Brain transcriptome atlases: a computational perspective

Abstract

The immense complexity of the mammalian brain is largely reflected in the underlying molecular signatures of its billions of cells. Brain transcriptome atlases provide valuable insights into gene expression patterns across different brain areas throughout the course of development.
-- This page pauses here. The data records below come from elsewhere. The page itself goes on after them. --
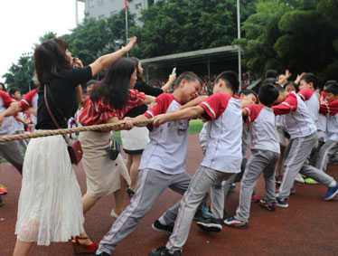 参赛人员本着"友谊第一,比赛第二"的原则,整场比赛进行有序。当比赛的哨声响起,只见参赛的队员们紧握长绳,卯足了劲拼命往后拉!老师们一改课堂严谨形象,冲锋在前,为班级助阵助威!一部分新家长自发组成啦啦队为比赛队员呐喊加油,哨子声、呐喊声此起彼伏,现场激烈的比赛将整个活动推到了高潮!比赛过程中,各部门参赛队员努力拼搏,无论是场上还是场下,气氛都异常激烈。
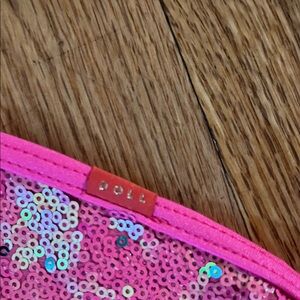 Vibrant pink bikini set with sparkling sequins. Perfect for a standout beach look. Large top medium bottom DOLL brand
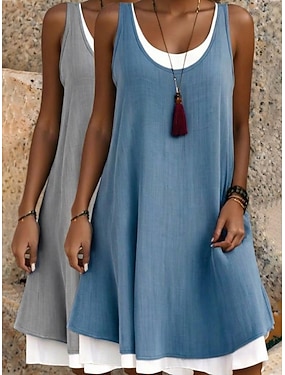 Mehrfachpackungen 2St Damen Rundhalsausschnitt Ärmellos Grün + grau Freizeitkleid Trägerkleid Sommerkleid Geschichtet Falscher Zweiteiler Einfach Lässig Täglich Polyester Sommer
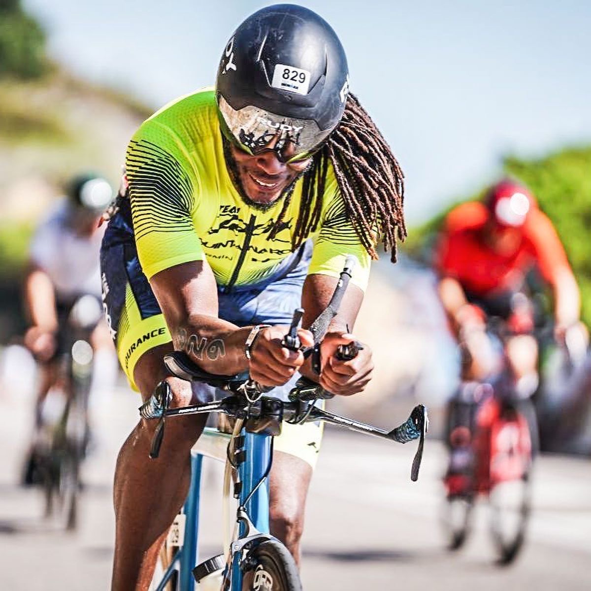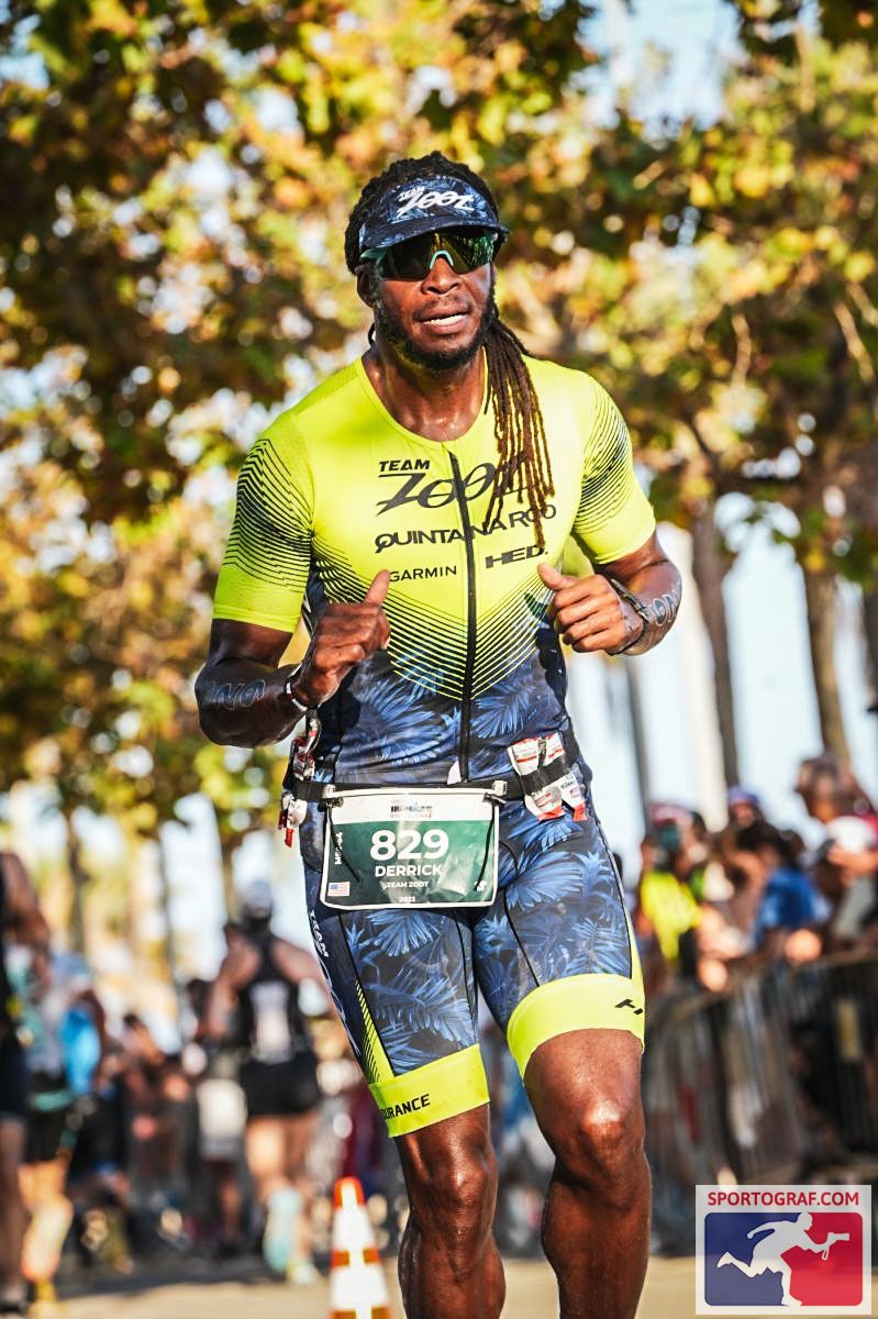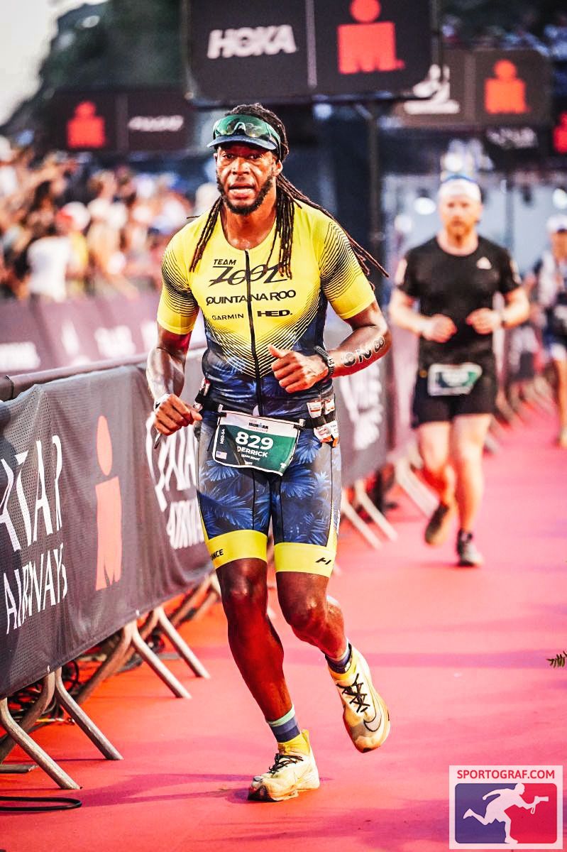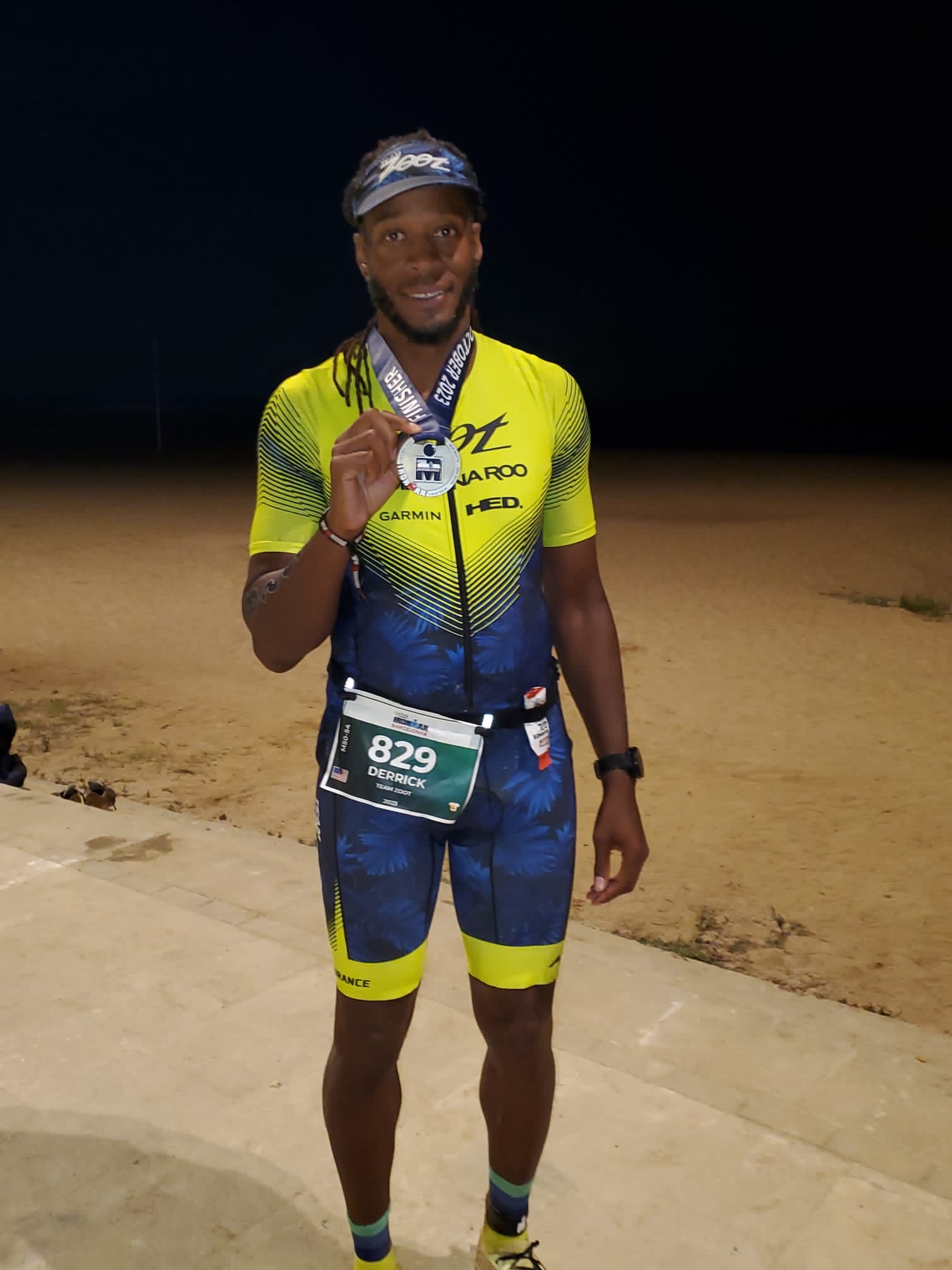 After 3 loops of the dirt road, it was time for me to enjoy the finish line! I thought the grandstands would be empty by the time I made the trip down, but it was packed. The music was loud. The two announcers alternated depending on if the racer was English or Spanish speaking. The excitement was worth everything I endured. I forgot all about my swim, it was time to celebrate. The announcer said what I was looking to hear, “Derrick Britton, from the United States, You Are An Ironman!!!”

Such atlases allow researchers to probe the molecular mechanisms which define neuronal identities, neuroanatomy, and patterns of connectivity. Despite the immense effort put into generating such atlases, to answer fundamental questions in neuroscience, an even greater effort is needed to develop methods to probe the resulting high-dimensional multivariate data. We provide a comprehensive overview of the various computational methods used to analyze brain transcriptome atlases.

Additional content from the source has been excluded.